Madhya Pradesh cricket team
- Nickname: MP

Personnel
- Captain: Rajat Patidar (FC & T20) Venkatesh Iyer (LA)
- Coach: Chandrakant Pandit
- Chairman: Jyotiraditya Scindia
- Owner: Madhya Pradesh Cricket Association

Team information
- Founded: 1934
- Home ground: Holkar Stadium
- Capacity: 30,000
- Secondary home ground: Captain Roop Singh Stadium
- Secondary ground capacity: 18,000

History
- First-class debut: Central Provinces and Berar (now Vidarbha) in 1934 at Madhya Pradesh Cricket Association Ground, Nagpur
- Ranji Trophy wins: 5
- Wills Trophy wins: 1
- Vijay Hazare Trophy wins: 0
- Syed Mushtaq Ali Trophy wins: 0
- Official website: MPCA Official

= Madhya Pradesh cricket team =

Indian cricket team

The Madhya Pradesh cricket team formerly known as Holkar cricket team, is a domestic cricket team based in the Indian state of Madhya Pradesh. It competes in the Ranji Trophy.

== History ==
=== Holkar cricket team ===

A Central India team competed in the Ranji Trophy between 1934–35 and 1939–40, playing 12 matches. In 1941, Holkar entered the competition, organised and managed by King Yashwantrao Holkar II belonging to the Holkar dynasty of the Marathas. In the fourteen years of its existence Holkar, which included such players as C. K. Nayudu and Mushtaq Ali, won the title four times and finished second on six other occasions.
Another Ranji Trophy team later to be absorbed by Madhya Pradesh was Gwalior (one match in 1943–44).

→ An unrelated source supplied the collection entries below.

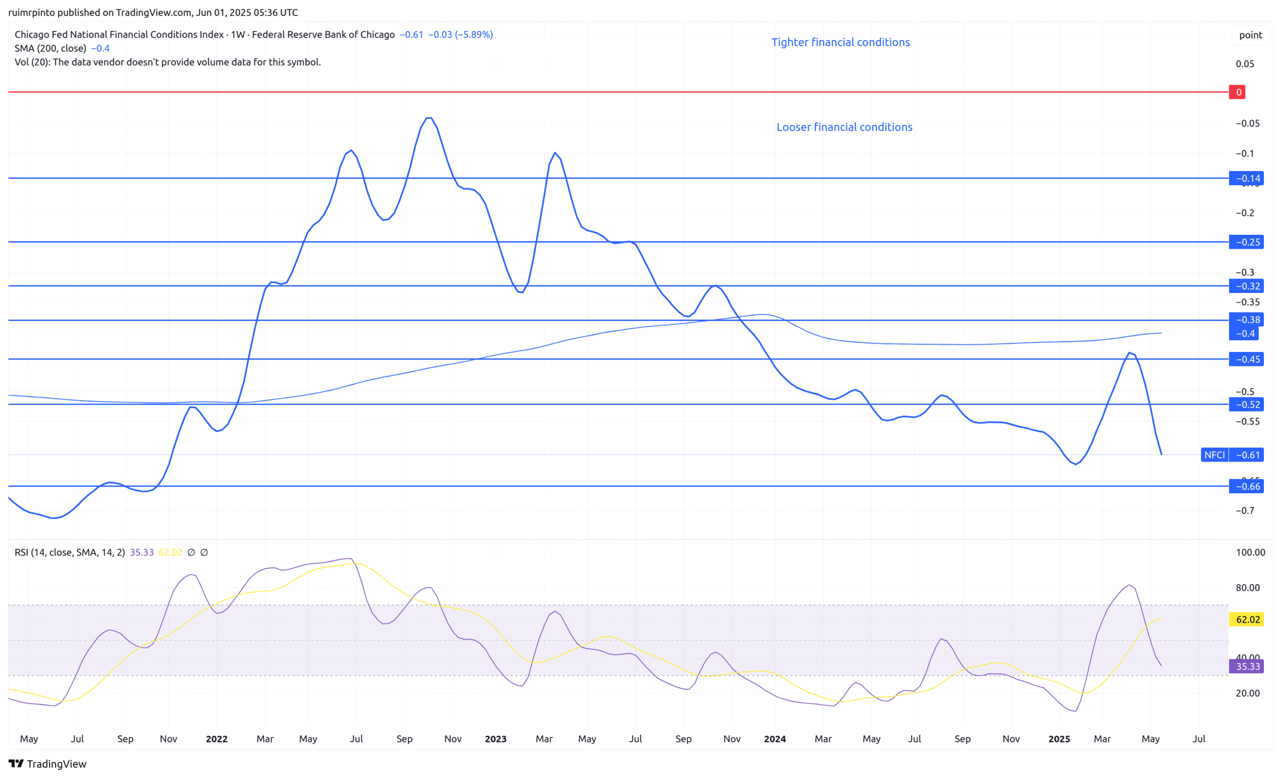The national financial conditions index (NFCI) released on 19th May 2025 loosened by 5.9%. Note that this indicator is delayed by two weeks. Positive numbers in the NFCI mean tighter financial conditions, while negative numbers indicate looser financial conditions.
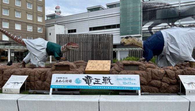 福井といえば恐竜王国。そこに将棋の竜王戦が重なり、ここでしか見られない特別なコラボになっています😊
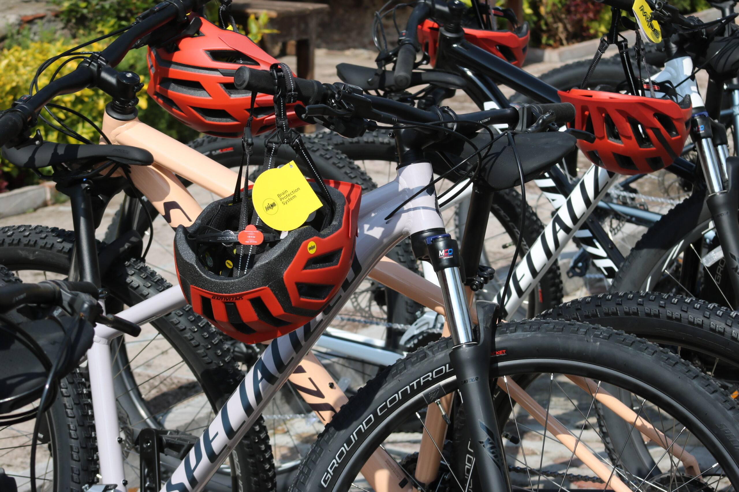 Entre los materiales entregados, se encuentran piezas de señalética, cuatrimotos y bicicletas de montaña.
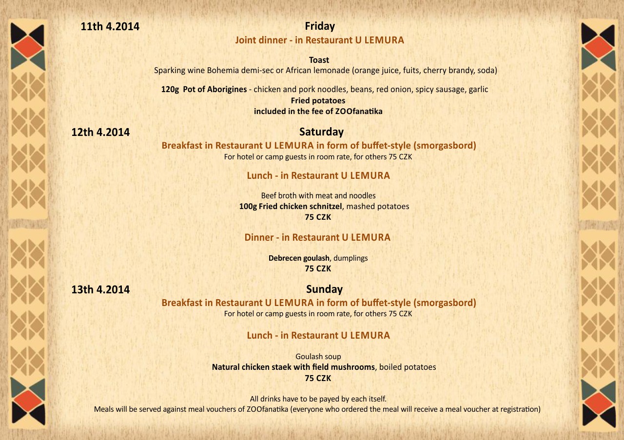 ZOOfanatika 2014 - menu
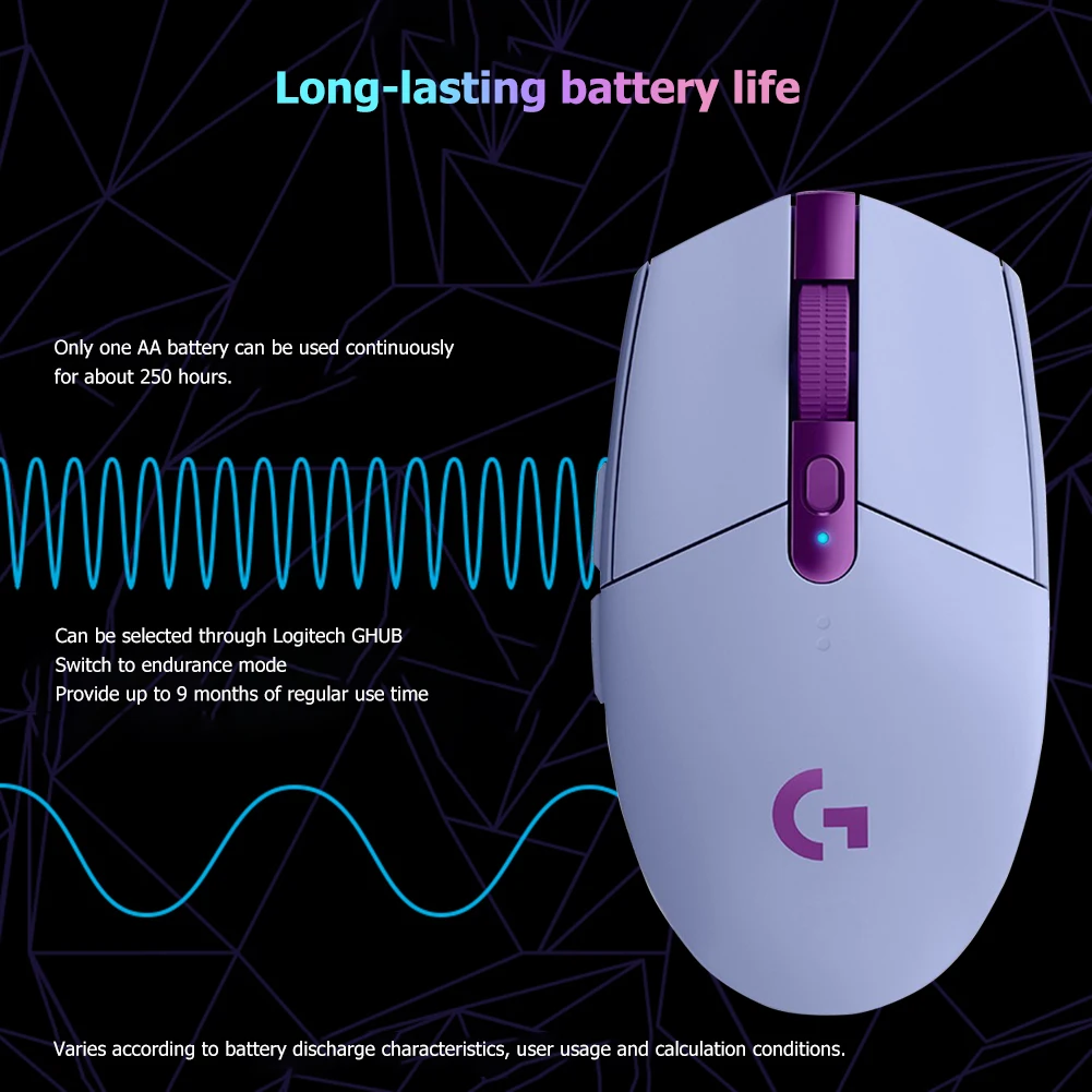 Датчик героя и беспроводная LIGHTSPEED обеспечивают экстремальную эффективность, чтобы вы могли играть в течение нескольких месяцев. Он обеспечивает до 250 часов работы на одной батарее AA. Его можно отрегулировать до 9 месяцев обычного использования в режиме выносливости, который можно выбрать с помощью Logitech G HUB. Протестированный на игровой коврик для мыши Logitech G240 Logitech G HUB, а также светильник индикатора на G304, уведомит вас, когда останется 15% батареи.

=== Madhya Pradesh team ===

Madhya Pradesh began competing as a team from 1950–51. Holkar appeared in the Ranji Trophy till 1954-55 after which it was dissolved and replaced by a Madhya Bharat team. This became part of the Madhya Pradesh team after two years as the states were reorganised.

Madhya Pradesh's first title was the 1998-99 Wills Trophy, where they defeated Bengal in the final. Madhya Pradesh team reached the final of the Ranji Trophy for the first time in the same season. They took the first innings lead against Karnataka and needed only a draw to win the title but collapsed in the final session of the last day to lose with five overs to spare.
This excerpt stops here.